In Re Neidig Corp.

117 B.R. 625, 7 Colo. Bankr. Ct. Rep. 240, 1990 Bankr. LEXIS 1668, 1990 WL 113997
CourtUnited States Bankruptcy Court, D. Colorado
DecidedAugust 1, 1990
Docket19-10690
StatusPublished
Cited by10 cases

This text of 117 B.R. 625 (In Re Neidig Corp.) is published on Counsel Stack Legal Research, covering United States Bankruptcy Court, D. Colorado primary law. Counsel Stack provides free access to over 12 million legal documents including statutes, case law, regulations, and constitutions.

Bluebook
In Re Neidig Corp., 117 B.R. 625, 7 Colo. Bankr. Ct. Rep. 240, 1990 Bankr. LEXIS 1668, 1990 WL 113997 (Colo. 1990).

Opinion

ORDER ON APPLICATION OF LATINO BROADCASTING CORPORATION FOR ALLOWANCE OF ADMINISTRATIVE EXPENSES

SIDNEY B. BROOKS, Bankruptcy Judge.

THIS MATTER comes before the Court upon the Application of Latino Broadcasting Corporation for Allowance of Administrative Expenses filed June 1, 1990 and the Response and Objection thereto filed by the Chapter 11 Trustee on June 25, 1990.
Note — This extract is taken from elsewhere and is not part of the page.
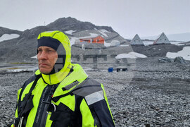 Остров Ливингстън (5 февруари 2024) Проф. Христо Пимпирев пристигна на българската антарктическа база "Св. Климент Охридски". Заедно с него бяха Н.Пр. Стоян Михайлов (на снимката) (посланик на България в Аржентина), флотилен адмирал проф. д.в.н Боян Медникаров – началник на Висшето военноморско училище „Н. Й. Вапцаров“ във Варна, лекарят д-р Севдалина Михайлова, Иглика Трифонова, Любов Костова и журналистката Мария Чернева.
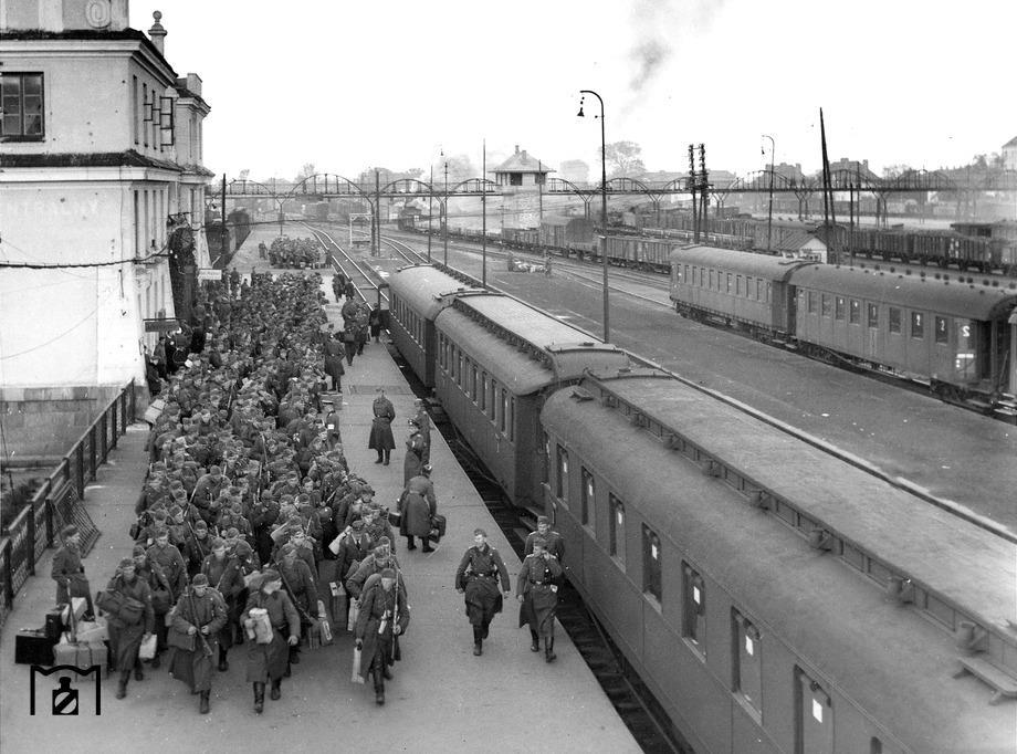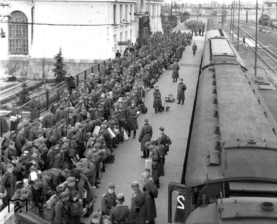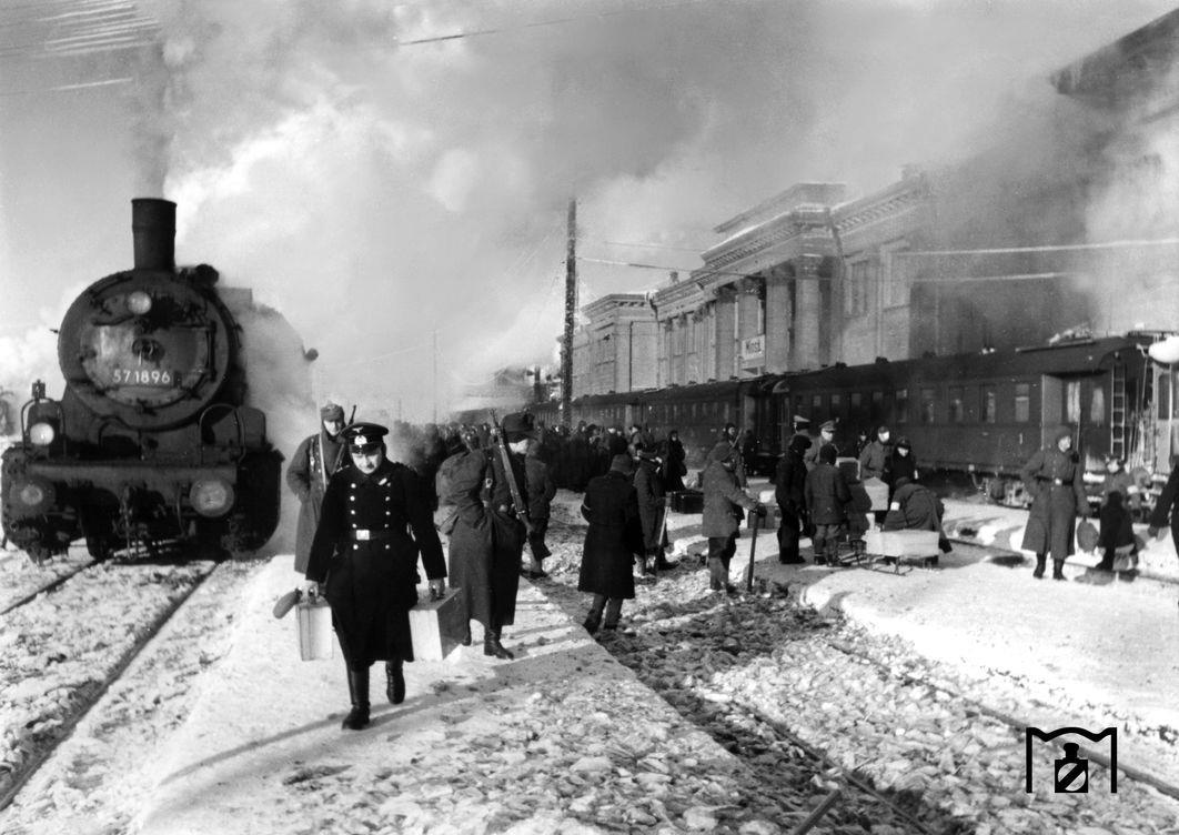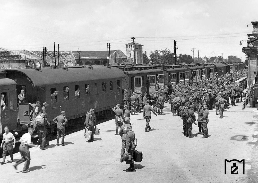 Военнослужащие Вермахта готовятся к отправлению на железнодорожном вокзале Брест-Литовска. Станция была пограничной станцией во время Второй мировой войны между "Генерал-губернаторством" и "Остландом", ныне между Польшей и Белоруссией. Справа стоит старый баварский вагон D-поезда. (1942) Foto: RVM (Ittenbach)

The central question before the Court is whether the company employed by the Chapter 11 Trustee to operate the Debtor-in-Possession’s business during the reorganization is entitled to compensation as a cost of administration pursuant to 11 U.S.C. § 503(b)(1)(A). The Court concludes that the applicant is not entitled to compensation for services because (1) the company employed by the Trustee to manage the Debtor’s business and its day-to-day operations was a “professional person” who was required to have been employed by the estate pursuant to 11 U.S.C. § 327 and B.R. 2014 and compensated in accordance with 11 U.S.C. § 330 and B.R. 2016, and (2) the company is not otherwise entitled to compensation pursuant to 11 U.S.C. § 503.

I. Background.

On June 19, 1987, the Debtor filed a Petition for reorganization pursuant to Chapter 11 of the Bankruptcy Code. Debt- or continued to operate .KRMX, a Spanish language radio station in Pueblo, Colorado, as a debtor-in-possession until October 22, 1988 when the station unexpectedly went off the air. The building was closed, utilities were cut off, and all employees were released. Consequently, the Court removed the Debtor from possession on October 25, 1988 and appointed Carole A. Carson (“Carson”) as Trustee.

Carson took possession of the station and arranged for Latino Broadcasting (“Latino”), the owner and operator of KBNO, a Spanish language radio station in Denver, Colorado, to manage and operate the Pueblo station. The station resumed operations on October 28, 1988 under the management of Latino. Carson and Latino subsequently *627 entered into an employment agreement dated November 1, 1988. The employment agreement provided, inter alia, that Latino would supply disc jockeys and sales personnel 1 in exchange for (1) reimbursement of payroll and local sales expenses at the rate of 150% of the gross expenditures; (2) full reimbursement of out-of-pocket expenses; and (3) a management fee of $75.00 per month. Latino operated the station until September 22, 1989 when Carson appointed a replacement. 2 The employment agreement was not submitted to creditors or the Court for consideration or approval; no Court authorization was obtained.

Presently before this Court is Latino’s application for allowance of its management fee and other expenses, as provided under the employment agreement, as an expense of administration pursuant to 11 U.S.C. §§ 503(b)(1) and 507(a)(1). Specifically, Latino requests compensation as follows:

Payroll and local sales expenses (reimbursed at 150% of gross) 3 $ 65,990.06
Out-of-pocket expenses 4 $ 10,366.73
Management fee ($75.00/month) $ 600.00
Loss on Cinco de Mayo dance 5 $ 1,240.61
Less: Payments received ($ 27,648.40)
Total compensation requested 6 $ 50,549.00

Latino submits that these expenses were incurred in the ordinary course of Debtor’s business and constitute “actual, necessary costs and expenses of preserving the estate.” 11 U.S.C. § 503(b)(1)(A).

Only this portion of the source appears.